=== Begin Enclosure ===

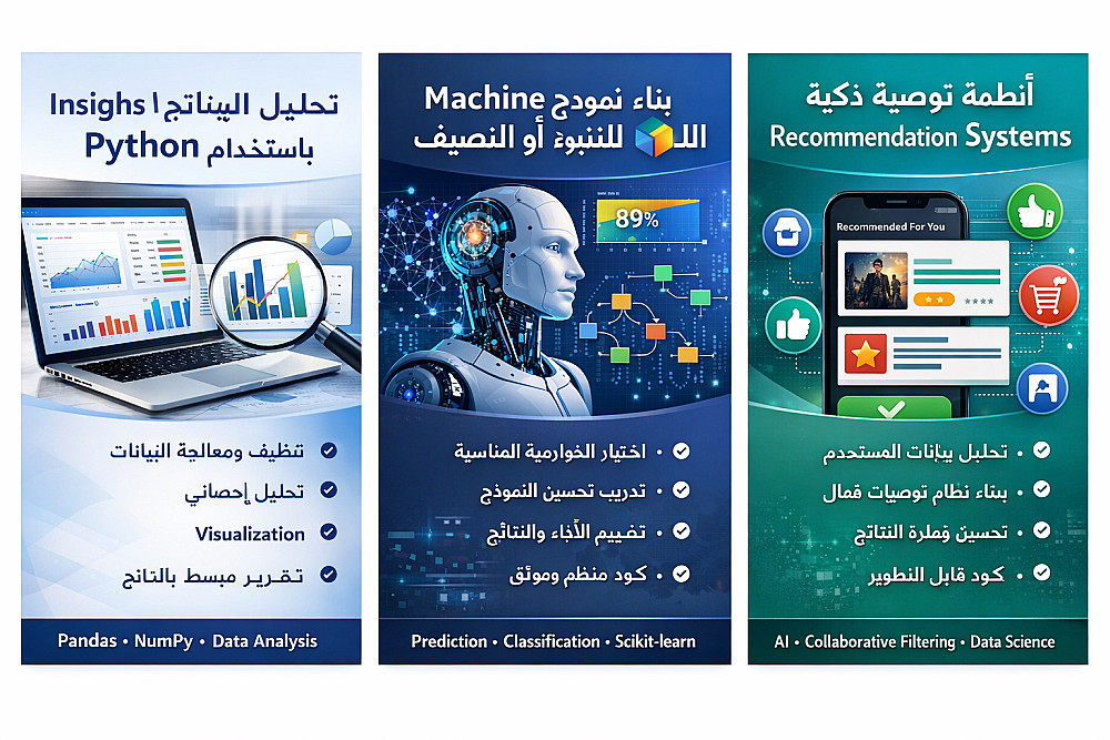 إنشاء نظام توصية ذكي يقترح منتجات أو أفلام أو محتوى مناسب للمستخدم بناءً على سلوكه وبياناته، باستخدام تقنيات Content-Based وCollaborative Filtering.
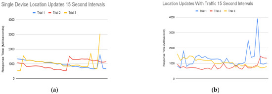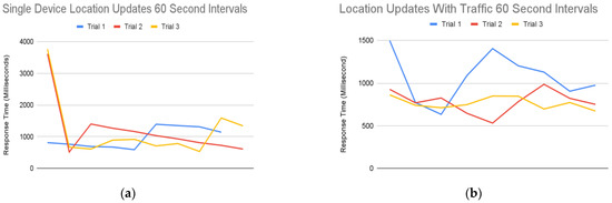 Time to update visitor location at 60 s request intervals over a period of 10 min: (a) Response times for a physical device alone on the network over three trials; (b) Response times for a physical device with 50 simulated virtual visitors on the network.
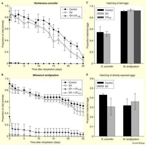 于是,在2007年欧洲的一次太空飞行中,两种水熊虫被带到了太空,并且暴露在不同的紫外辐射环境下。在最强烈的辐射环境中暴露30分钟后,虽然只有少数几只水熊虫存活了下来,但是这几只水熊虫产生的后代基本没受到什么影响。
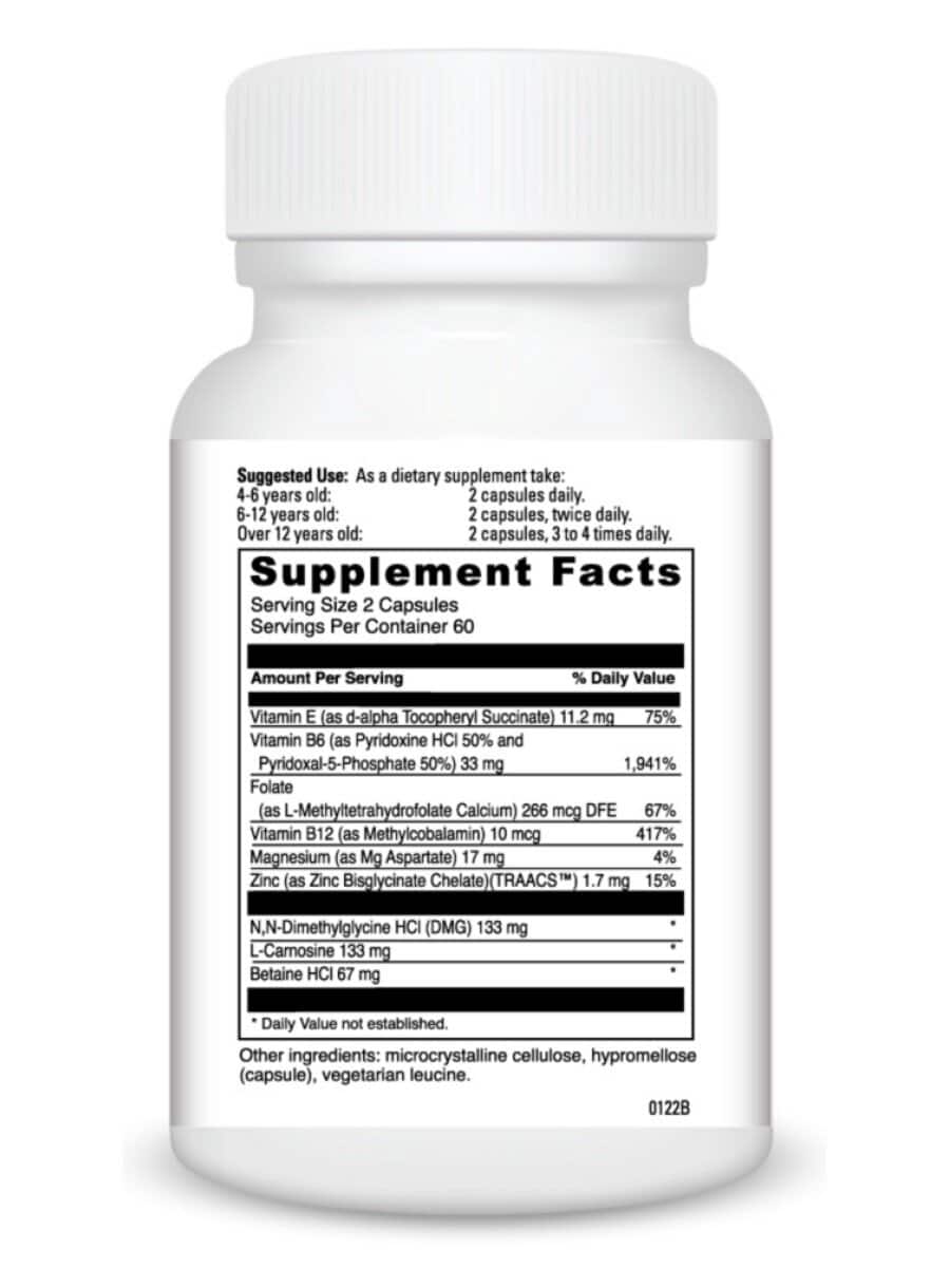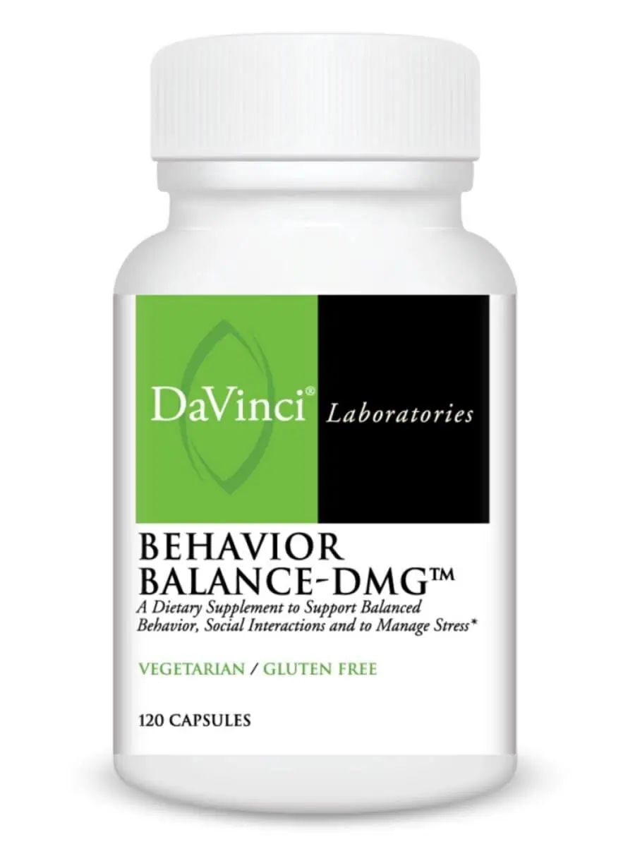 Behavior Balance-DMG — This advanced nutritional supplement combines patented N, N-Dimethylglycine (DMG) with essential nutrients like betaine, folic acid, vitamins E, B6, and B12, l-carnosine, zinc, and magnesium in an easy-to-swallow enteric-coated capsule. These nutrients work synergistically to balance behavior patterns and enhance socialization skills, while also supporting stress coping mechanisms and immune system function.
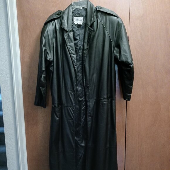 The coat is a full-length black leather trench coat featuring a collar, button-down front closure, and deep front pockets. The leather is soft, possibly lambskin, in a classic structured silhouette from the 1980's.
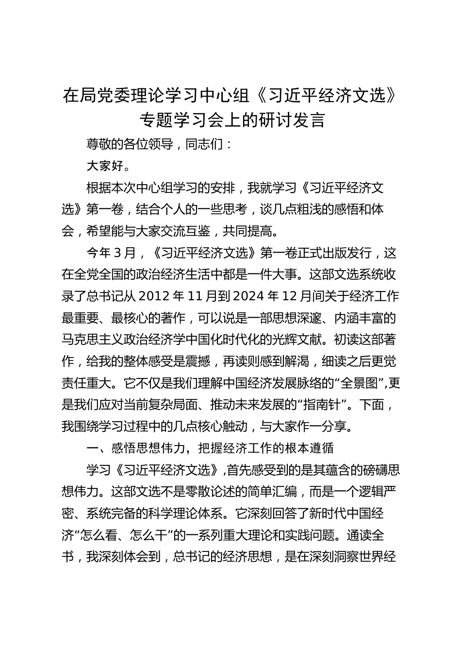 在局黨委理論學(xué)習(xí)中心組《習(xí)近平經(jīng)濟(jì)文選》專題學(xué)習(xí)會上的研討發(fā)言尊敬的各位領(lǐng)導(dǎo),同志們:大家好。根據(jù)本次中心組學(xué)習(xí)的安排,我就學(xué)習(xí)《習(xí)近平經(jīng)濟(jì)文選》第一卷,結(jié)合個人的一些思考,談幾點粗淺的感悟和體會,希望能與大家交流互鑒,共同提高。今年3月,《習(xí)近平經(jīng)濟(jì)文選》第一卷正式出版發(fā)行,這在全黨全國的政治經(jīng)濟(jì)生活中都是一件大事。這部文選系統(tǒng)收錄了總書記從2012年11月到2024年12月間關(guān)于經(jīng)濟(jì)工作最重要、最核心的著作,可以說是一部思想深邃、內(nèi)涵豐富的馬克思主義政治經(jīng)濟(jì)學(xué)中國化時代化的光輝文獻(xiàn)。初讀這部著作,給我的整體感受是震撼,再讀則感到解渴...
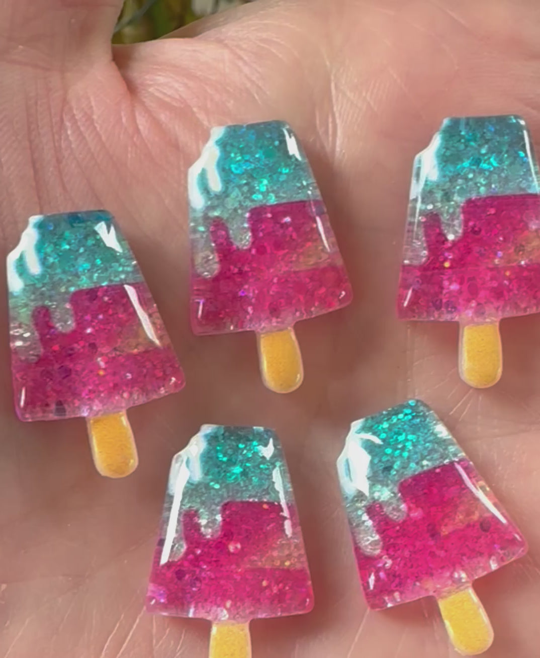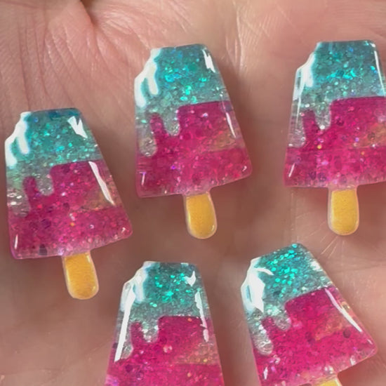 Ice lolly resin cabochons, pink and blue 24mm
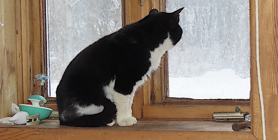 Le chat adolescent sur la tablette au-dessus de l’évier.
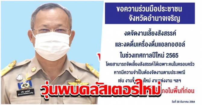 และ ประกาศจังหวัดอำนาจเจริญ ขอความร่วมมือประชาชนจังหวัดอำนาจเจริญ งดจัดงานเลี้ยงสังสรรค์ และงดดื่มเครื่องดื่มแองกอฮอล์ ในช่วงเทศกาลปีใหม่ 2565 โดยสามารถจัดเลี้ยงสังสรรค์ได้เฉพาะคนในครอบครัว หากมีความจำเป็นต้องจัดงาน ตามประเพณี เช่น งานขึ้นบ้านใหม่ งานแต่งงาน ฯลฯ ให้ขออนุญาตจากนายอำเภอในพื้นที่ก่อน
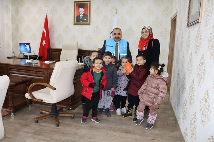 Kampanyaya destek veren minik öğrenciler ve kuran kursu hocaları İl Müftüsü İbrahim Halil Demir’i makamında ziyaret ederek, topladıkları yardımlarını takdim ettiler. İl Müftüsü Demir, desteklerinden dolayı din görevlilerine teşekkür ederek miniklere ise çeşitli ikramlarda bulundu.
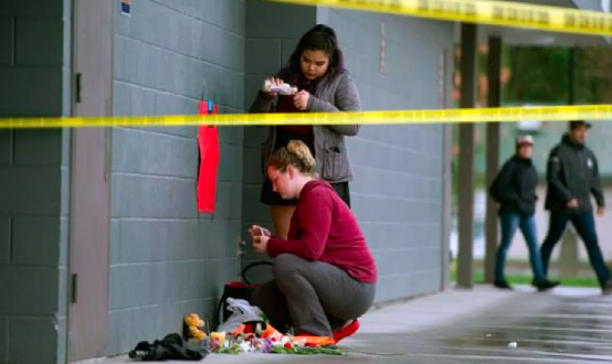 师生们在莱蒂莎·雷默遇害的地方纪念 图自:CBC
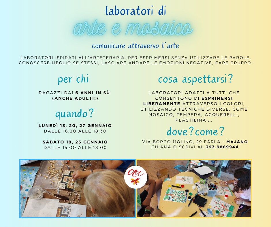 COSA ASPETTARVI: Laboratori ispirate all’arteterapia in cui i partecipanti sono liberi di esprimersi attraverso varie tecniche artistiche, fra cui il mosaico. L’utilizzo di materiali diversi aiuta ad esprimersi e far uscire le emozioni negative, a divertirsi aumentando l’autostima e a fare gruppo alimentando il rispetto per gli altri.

=== End Enclosure ===

> _About this task_: Go back to the listing above and reproduce, exactly, the stretch from the line bearing "于是,在2007年欧洲的一次" through the line bearing "Behavior Balance-DMG —", without its pictures.

> _Result_:
 于是,在2007年欧洲的一次太空飞行中,两种水熊虫被带到了太空,并且暴露在不同的紫外辐射环境下。在最强烈的辐射环境中暴露30分钟后,虽然只有少数几只水熊虫存活了下来,但是这几只水熊虫产生的后代基本没受到什么影响。
 Behavior Balance-DMG — This advanced nutritional supplement combines patented N, N-Dimethylglycine (DMG) with essential nutrients like betaine, folic acid, vitamins E, B6, and B12, l-carnosine, zinc, and magnesium in an easy-to-swallow enteric-coated capsule. These nutrients work synergistically to balance behavior patterns and enhance socialization skills, while also supporting stress coping mechanisms and immune system function.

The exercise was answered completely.